Recurrent Venous Thromboembolism (RVTE) remains a significant clinical challenge due to its high morbidity and the limited predictive performance of current risk scores. Two primary approaches have been explored for RVTE prediction: (i) Machine Learning (ML) models, which utilize diverse clinical features but often lack physiological interpretability, and (ii) Mechanistic models of thrombus formation, which offer physiological insight but rarely integrate routine clinical or hematological data.
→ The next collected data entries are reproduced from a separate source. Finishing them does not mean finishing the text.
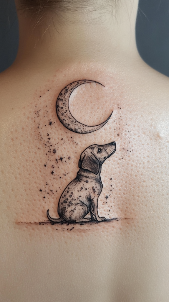 Pair your Dachshund tattoo with a crescent moon to add a mystical and serene element to the design. This combination can symbolize your dog as a loyal companion who watches over you day and night.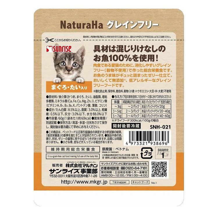 【48個セット】 マルカン サンライズ ナチュラハ グレインフリー まぐろ・たい入り 60g【ポイント10倍】 【送料無料】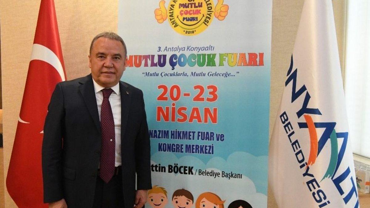 Konyaaltı Belediye Başkanı Muhittin Böcek, bu yıl üçüncüsünü düzenleyecekleri ’Mutlu Çocuk Fuarı’nı tanıttı.Konyaaltı Belediye Başkanı Muhittin Böcek, Nazım Hikmet Fuar Kongre Merkezi’nde bu yıl üçüncüsü düzenleyecek olan ’Mutlu Çocuk Fuarı’nın 20 Nisan’da başlayacağını söyledi. 4 gün sürecek fuarda 37 standın yer alacağını belirten Muhittin Böcek, çocukların birbirinden renkli etkinliklerle güzel zaman geçireceğini kaydetti.Toplantıda gazetecilerin sorularını da yanıtlayan Muhittin Böcek, 18 Nisan itibariyle belediye başkanlığında 20’nci yılını doldurduğunu hatırlattı. Bu süreçte arkasında soru işareti bırakmadığını kaydeden Başkan Böcek, Büyükşehir Belediye Başkanlığı’na adaylığı konusunda da "Önümüzdeki günlerde Antalya için güzel haberleri sizinle paylaşacağız" dedi.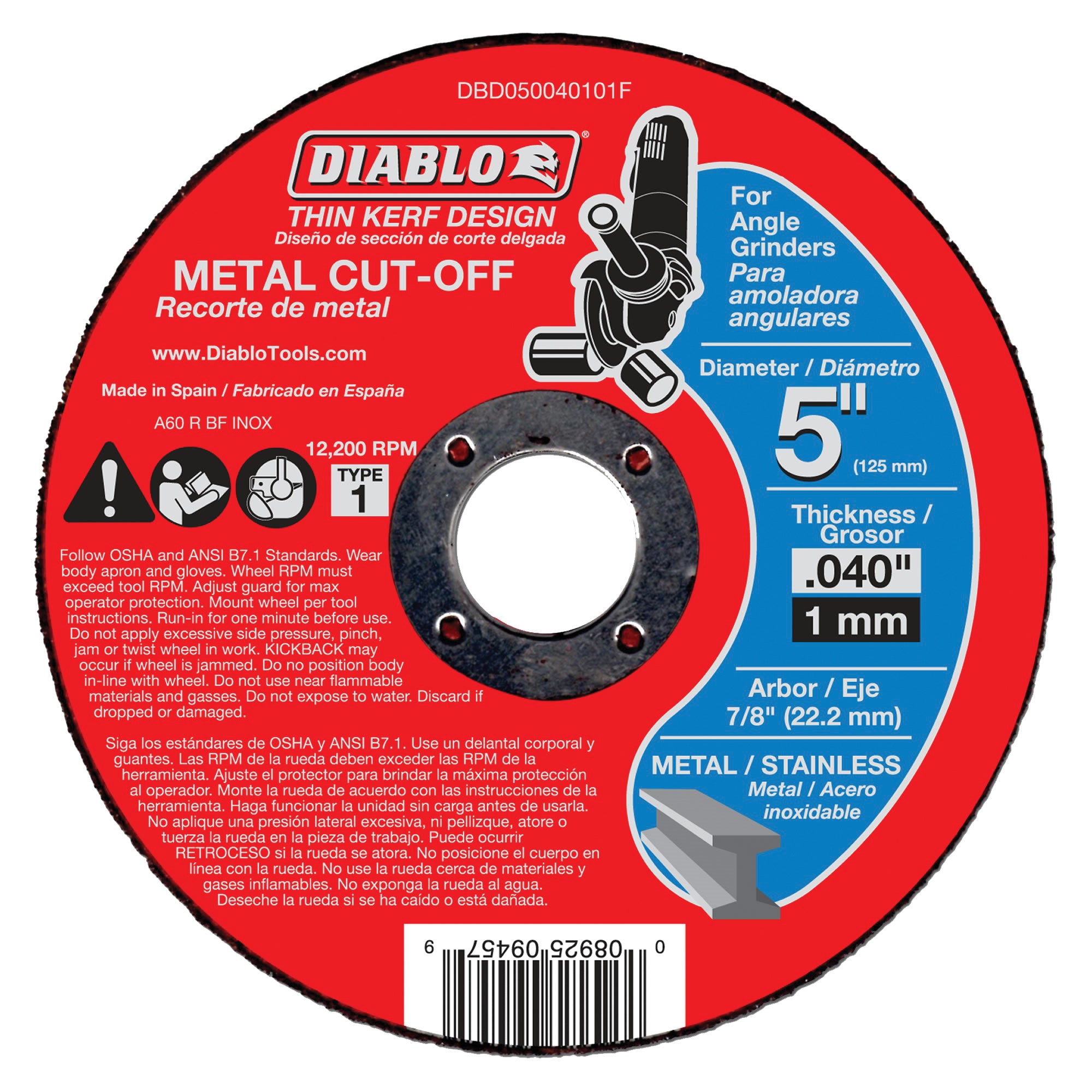 Diablo premium metal cut-off discs provide great performance and increased productivity. Featuring a premium aluminum oxide blend, these discs cut through material faster than other cut-off discs and offer an extra-long cutting life. Diablo thin kerf design provides for a thin, fast cut with minimal burr formation. Unlike other bonded discs on the market, this cut-off disc is a true 4 in design. Fully reinforced for use in hand-held cut-off work. Ideal for use when working in hard-to-reach areas.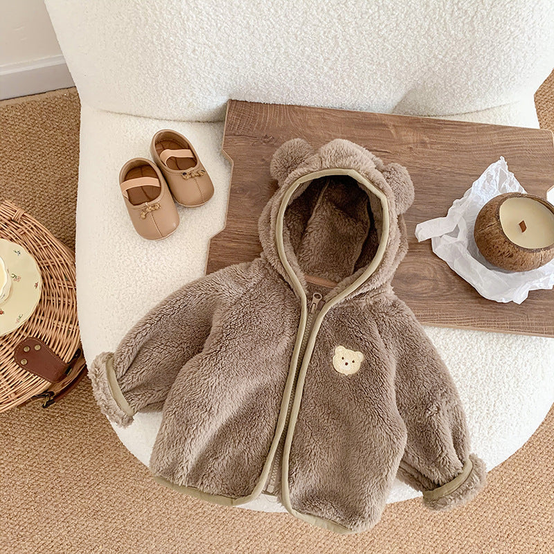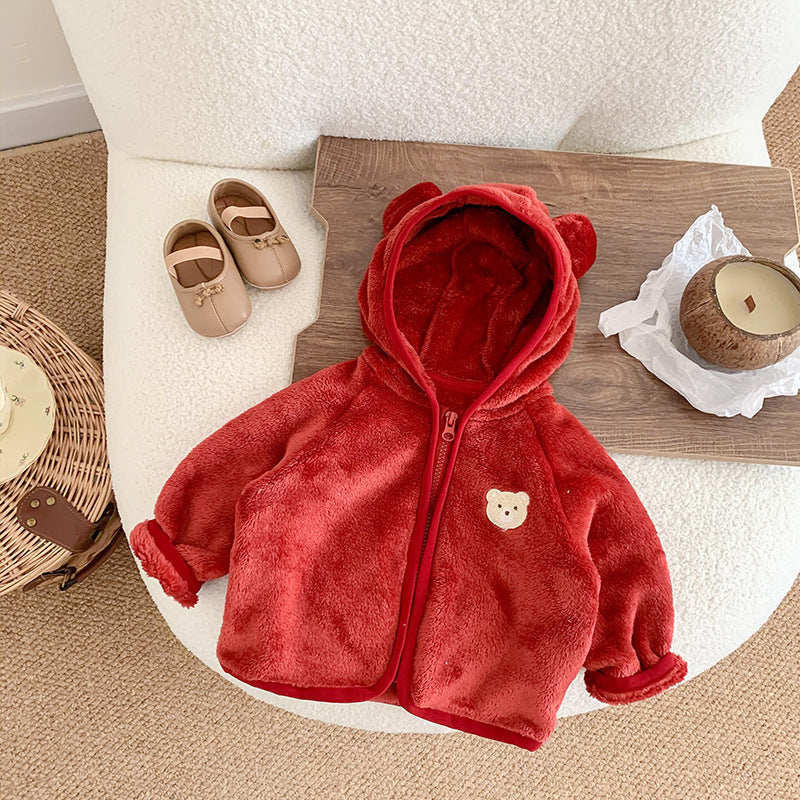 【BABY&KID】冬新作くまフード付きもふもふバイカラーコートSK11328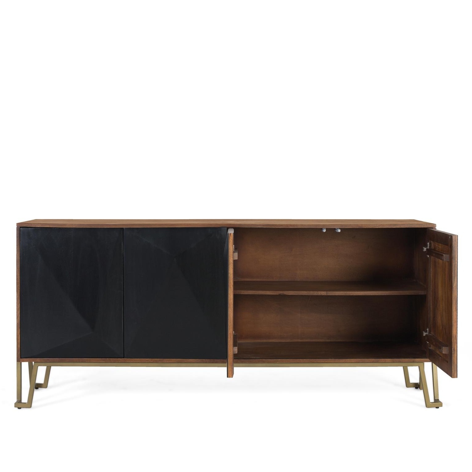El Aparador Dialma no solo destaca por su estética impecable, sino también por sus beneficios funcionales que hacen de su uso una experiencia inigualable. Sus amplias puertas con relieves geométricos en negro mate ofrecen un acceso fácil y organizado a tus objetos más preciados, desde vajillas delicadas hasta artículos decorativos exclusivos.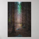 Fotografía paisajística de un bosque de abetos oscuro y misterioso con un toque verde y una luz brillante en el fondo.

This study presents a hybrid modeling framework that integrates Artificial Neural Networks (ANNs), Ordinary Differential Equations (ODEs), and explainable Artificial Intelligence (XAI) to improve both the predictive accuracy and interpretability of RVTE risk. By combining clinical and hematological data with patient-specific kinetic parameters derived from a mechanistic model of the coagulation cascade, along with thrombin generation dynamics and clinical outcomes, the approach effectively bridges data-driven learning and physiological understanding.

Data from 235 patients with a first episode of Venous Thromboembolism (VTE) were used, with 164 for model training and 71 for external validation. A hybrid model was developed by integrating a Multilayer Perceptron (MLP) with a mechanistic system of ODEs simulating the coagulation cascade. The MLP mapped 39 clinical and hematological features to eight sensitive kinetic parameters, which were then used to simulate patient-specific thrombin generation and compute the Endogenous Thrombin Potential (ETP). ETP values were used in a classification stage to predict RVTE risk. A total of 192 model configurations, combining different data preprocessing strategies and eight Metaheuristic Optimization Algorithms (MOAs), were evaluated to identify the best-performing approach.

The top-performing model, named ANN-ODE-GWOb, was optimized using the Grey Wolf Optimizer (GWO) with standardized inputs and eight sensitive kinetic parameters. It achieved an Area Under the receiver operating characteristic Curve (AUC) of 0.93, sensitivity of 0.97, and specificity of 0.90 on the full dataset. An ETP threshold of 1,927 nM·min was identified for RVTE classification. On the independent validation set, the model demonstrated strong generalization, with an AUC of 0.896, perfect sensitivity (1.00), and specificity of 0.80. Variables such as age, thrombosis location, residual thrombus, body mass index, anticoagulant duration, sex, thrombosis cause, and presence of the G20210A mutation significantly influenced patient-specific kinetic parameters. Their impact on thrombin dynamics and RVTE risk was consistent with established clinical knowledge.

The proposed model outperformed existing clinical scores and ML-based models for RVTE prediction. Critically, it enabled interpretation of how key variables, including antithrombin activity, sex, thrombus location, cancer, diabetes, D-dimer, and age influence thrombin generation and RVTE risk. This hybrid ML and mechanistic framework advances RVTE risk prediction by coupling physiological insight with data-driven accuracy. It highlights the potential of integrating ML, ODE-based modeling, and XAI to connect clinical data, thrombin dynamics, and thrombotic outcomes.